Mais qu’en est-il des personnes qui n’aiment carrément pas les oiseaux, même les gros-becs? Il semblerait que la série Les oiseaux du Canada ait causé quelques remous chez les Canadiens souffrant d’ornithophobie. Certaines personnes ont une crainte des oiseaux qui leur cause de l’anxiété et même des symptômes physiques. L’ancien gouverneur de la Banque du Canada, Gerald Bouey, a reçu une lettre à propos de cette pathologie d’un citoyen très indigné. Apparemment, sa femme était à ce point ornithophobe que même des images d’oiseau l’indisposaient. L’auteur de la lettre demandait « comment nous avions pu faire preuve d’une telle insensibilité! » [traduction]
La vraie bernache du Canada pourrait-elle lever la main?
À l’époque, les billets de la série Les oiseaux du Canada faisaient partie des billets les plus évolués au monde. Ils ont pourtant été la cible de l’offensive de faussaires la plus réussie de l’histoire du Canada. À la fin des années 1990, Wesley Wayne Weber s’est servi d’un logiciel de montage photo et d’une imprimante de bureau couleur pour produire sa propre version du billet de 100 $. Il a créé une vignette de sûreté en papier d’aluminium crédible et a même appliqué les petites pastilles qui deviennent fluorescentes quand on les expose à des rayons ultraviolets. Ses billets contrefaits étaient tellement convaincants et si nombreux parmi les billets en circulation que beaucoup de détaillants ontariens refusaient tout simplement cette coupure.

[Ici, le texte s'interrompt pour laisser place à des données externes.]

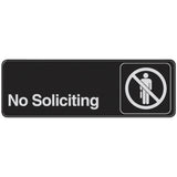 - No Soliciting Visual Impact Sign informs visitors that solicitation is not allowed in the premise. The sign helps minimize interruptions. Hillman No Soliciting Visual Impact Self-Adhesive Sign has No Solicitation text in bold white, and a crossed person figure in bright white against a reflective black background.- Sign made of ultra-violet fluorescent ink for maximum visibility from a distance. The acrylic finish has a slightly glossy surface. This helps give the sign a professional visual impact, while also giving it a bright and bold appearance. Measures 3 x 9 inches.- Made using high-grade injection-molded plastic material. The molded material has enhanced strength, is extremely durable and tear resistant. Withstands most environments, and will not fade in extreme temperatures.- Self-adhesive backing for easy installation. Sticks effortlessly to most smooth, flat surfaces.- Made in USA. This item is sold individually as a single pack, 1-Sign.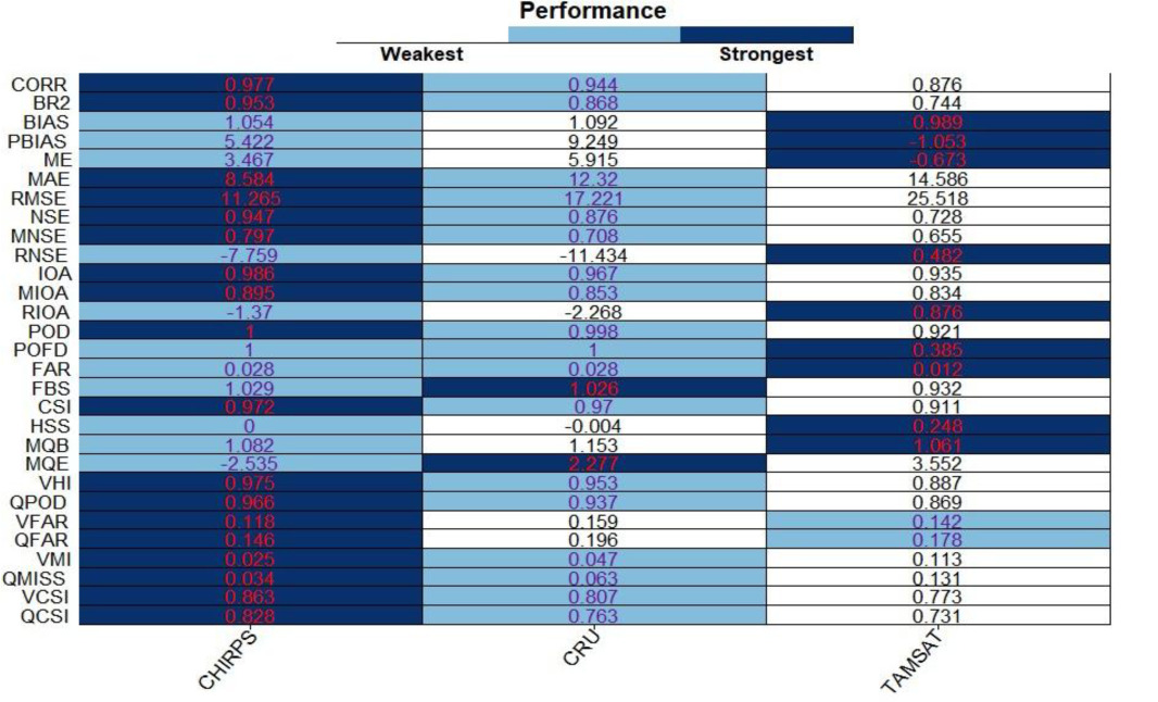 Among the three datasets, CHIRPS showed the best overall agreement with gauge data across most metrics (Table 1).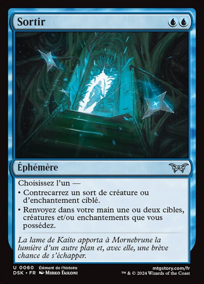 | Flavor | Kaito's blade brought the light of another plane into Duskmourn, and with it, a brief chance to escape. |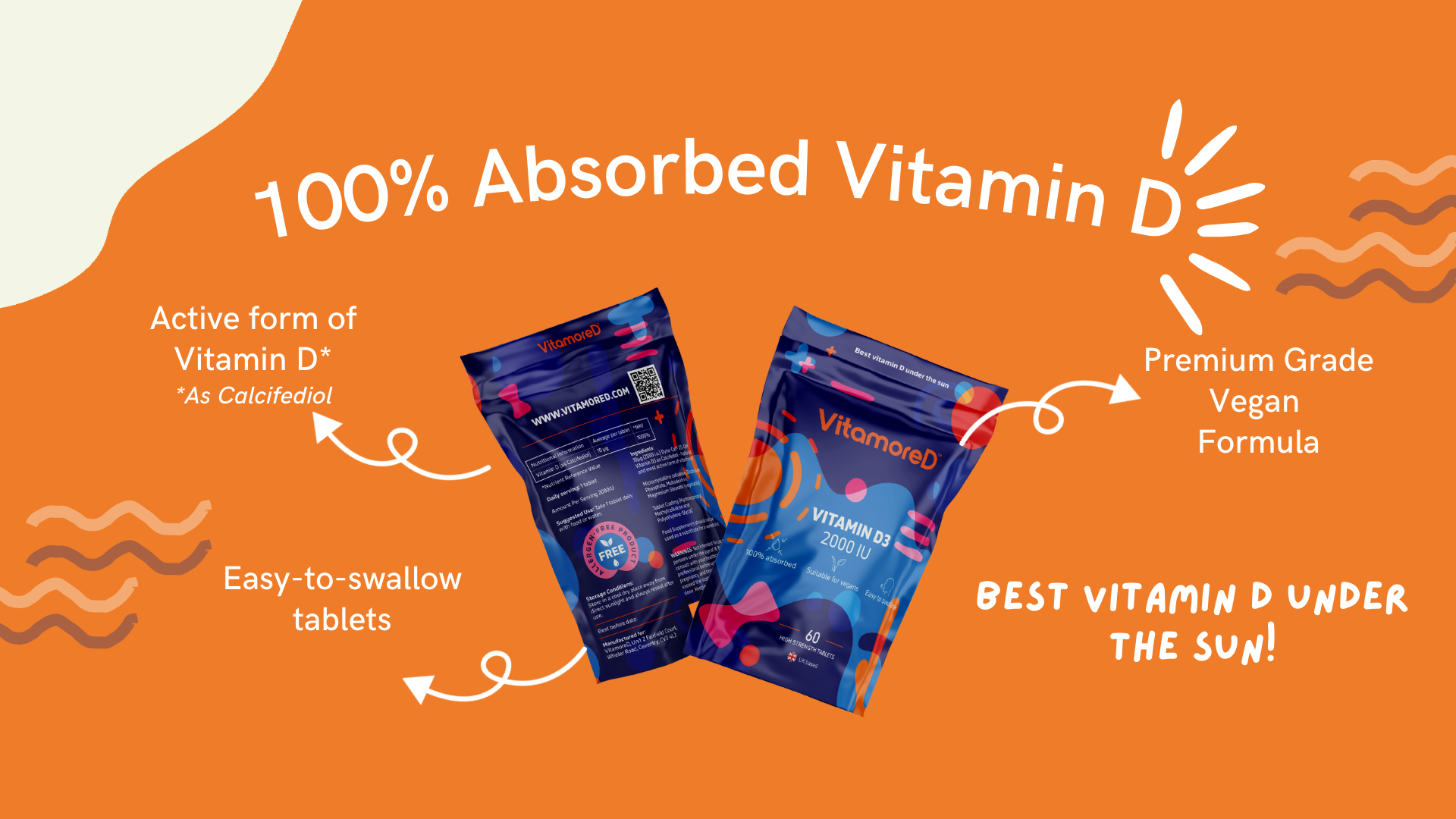 VitamoreD utilises Desmosterol to create the Calcifediol which comes from algae. Making it not only vegan, but naturally packed full of sunshine!

Weber a réussi à injecter au moins 5,5 millions de dollars en billets suspects dans l’économie canadienne, et cette somme ne représente que les billets saisis par la GRC! Même après 25 ans, les fausses coupures de 100 $ de Weber refont occasionnellement surface.

Il semble assez évident que le billet du haut est un faux de Weber lorsqu’on le compare à un vrai billet, mais peut-on raisonnablement demander à un vendeur débordé dans un magasin achalandé de faire la distinction?
Source : faux billet de 100 $, Canada, 1988 | NCC 2016.40.4; 100 $, Canada, 1988 | NCC 1990.44.10
Moment charnière en vue
Cette série de billets compte son lot de premières, mais aussi son lot de chants du cygne. C’est la dernière fois qu’on y voit des guillochis, ou motifs géométriques faits à la machine, disposés en longues bandes au recto des billets. Il en va de même du motif principal au recto qui a été imprimé par gravure en taille-douce, un procédé selon lequel l’artiste taille manuellement l’image dans une plaque de métal. De nos jours, la gravure est réservée à quelques éléments uniquement, notamment les effigies.
La série Les oiseaux du Canada a été pensée, conçue et produite à un moment charnière de l’impression de produits fiduciaires. Les nouvelles technologies destinées à ce type de produits voyaient le jour à la vitesse grand V, tandis que les technologies numériques donnaient de puissantes armes aux faussaires. Ces billets aux couleurs franches et d’une simplicité audacieuse demeurent très populaires auprès des Canadiens. Apparemment, les oiseaux plaisent à tout le monde, sauf aux ornithophobes, bien sûr.